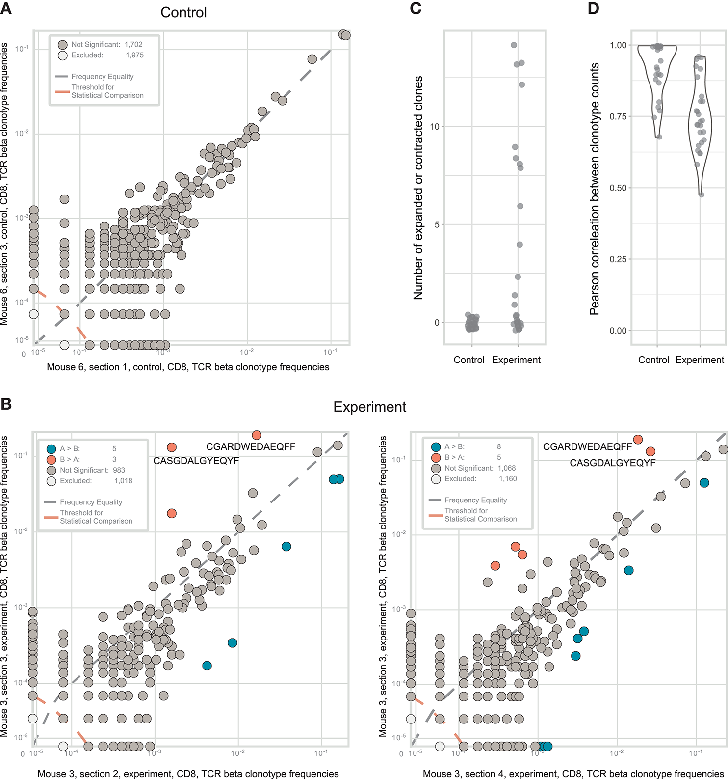 Identification of CD8+ T cell clones heterogeneously distributed within tumor samples from a mouse model of melanoma. (A). The concentration of each TCRβ CDR3 clonotype in the first control sample is plotted against the concentration of the same clonotype in the second control sample. (B). The concentration of each TCRβ CDR3 clonotype in tumor section #3 (y-axis) is plotted against the concentration of the same TCR clonotype in tumor sections #2 and #4 (x-axis). Clonotype variants that were identified as significantly expanded in one of the tumor sections are shown in orange or blue. (C). Numbers of expanded or contracted clones between all pairs of repertoires in four experimental and three control tumor. (D). Pearson's r measurement of correlation between counts of clones present in each pair of control or experimental repertoires.
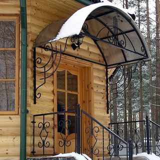 Эта конструкция козырька к дому, выполненная своими руками, не только аккуратна, но и практична: вода с такого козырька стекает в стороны, не образуя лужи на крыльце, да и снег не задерживается. Основные элементы навеса: 2 кронштейна, 2 несущих полукольца и 3 распорки.
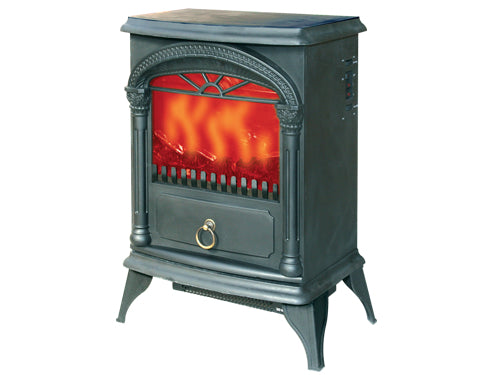 Elettrostufa "Ambiente" con effetto fuoco vivo. Scocca in polypropilene. Potenza 900/1800 Watt, tasto regolabile ON/OFF, con termostato, luminosità regolabile, intensità fiamma regolabile. Dimensioni 41x25xH55 cm..
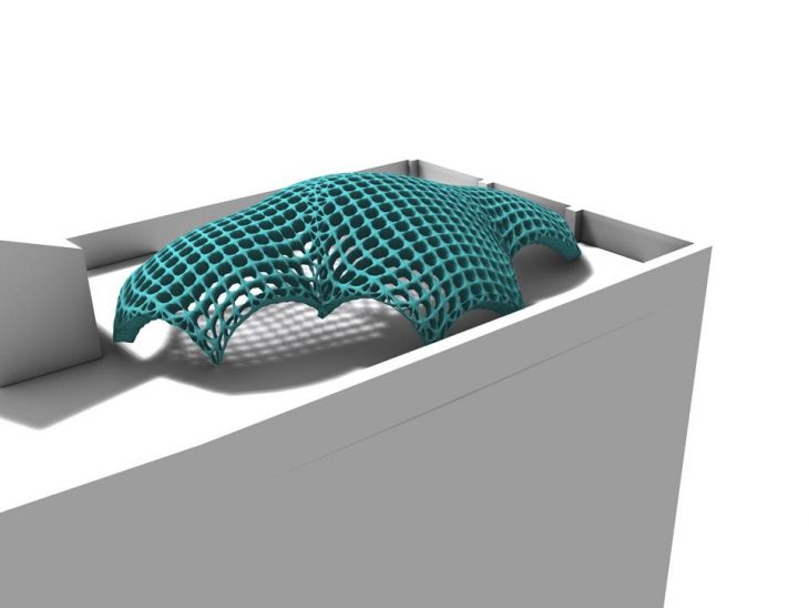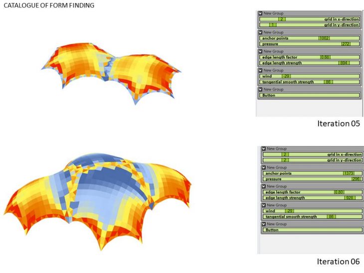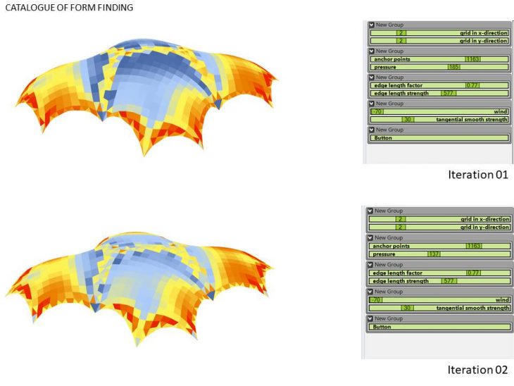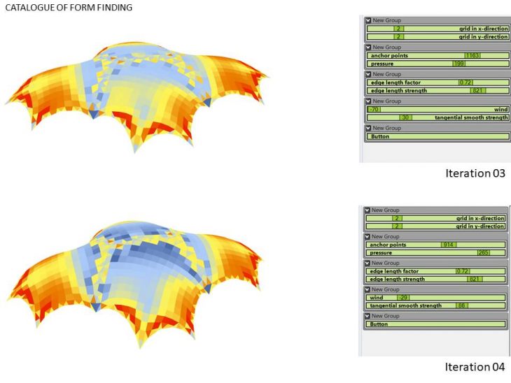 Various iterations of the tensile structure are achieved by varying these parameters.
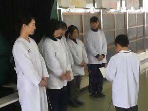 「給食は、どのようにして作られているか」では、大きな釜で煮炊きする様子やご飯を炊くための6つの釜、食品を洗うための大きなシンク、野菜を切っている様子などを写真や動画で見せていただきました。308人分を5人の調理師さんで作っておられます。すごいですね。
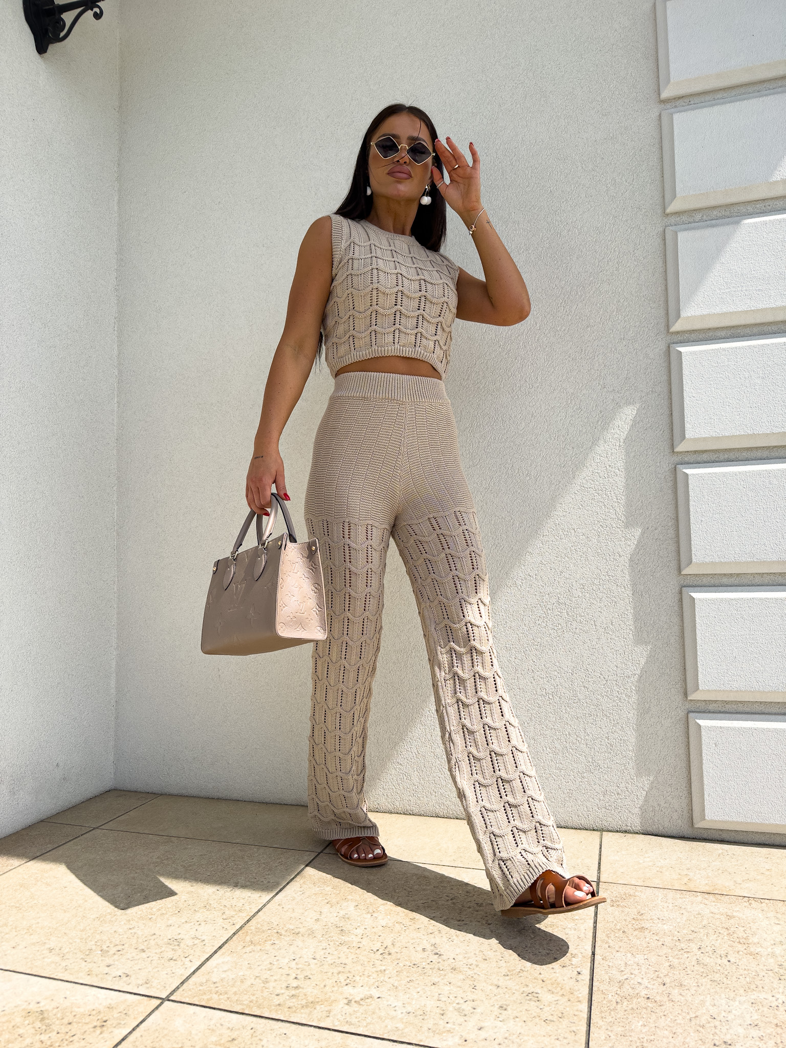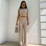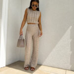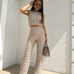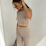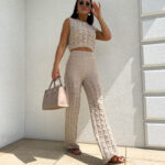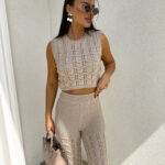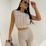 Komplet ażurowy z topem i spodniami z gumką w pasie to świetna propozycja na ciepłe dni. Delikatny wzór topu dodaje lekkości i subtelności, a miękki materiał zapewnia komfort i przewiewność. Spodnie z elastyczną gumką idealnie dopasowują się do sylwetki, gwarantując wygodę noszenia.
========================================================================
### [TASK ITEM]
With pictures left out, extract the lines from the one containing "Эта конструкция козырька" to the end of the material above, both included, exactly as written.

### [OUTPUT BELOW]
 Эта конструкция козырька к дому, выполненная своими руками, не только аккуратна, но и практична: вода с такого козырька стекает в стороны, не образуя лужи на крыльце, да и снег не задерживается. Основные элементы навеса: 2 кронштейна, 2 несущих полукольца и 3 распорки.
 Elettrostufa "Ambiente" con effetto fuoco vivo. Scocca in polypropilene. Potenza 900/1800 Watt, tasto regolabile ON/OFF, con termostato, luminosità regolabile, intensità fiamma regolabile. Dimensioni 41x25xH55 cm..
 Various iterations of the tensile structure are achieved by varying these parameters.
 「給食は、どのようにして作られているか」では、大きな釜で煮炊きする様子やご飯を炊くための6つの釜、食品を洗うための大きなシンク、野菜を切っている様子などを写真や動画で見せていただきました。308人分を5人の調理師さんで作っておられます。すごいですね。
 Komplet ażurowy z topem i spodniami z gumką w pasie to świetna propozycja na ciepłe dni. Delikatny wzór topu dodaje lekkości i subtelności, a miękki materiał zapewnia komfort i przewiewność. Spodnie z elastyczną gumką idealnie dopasowują się do sylwetki, gwarantując wygodę noszenia.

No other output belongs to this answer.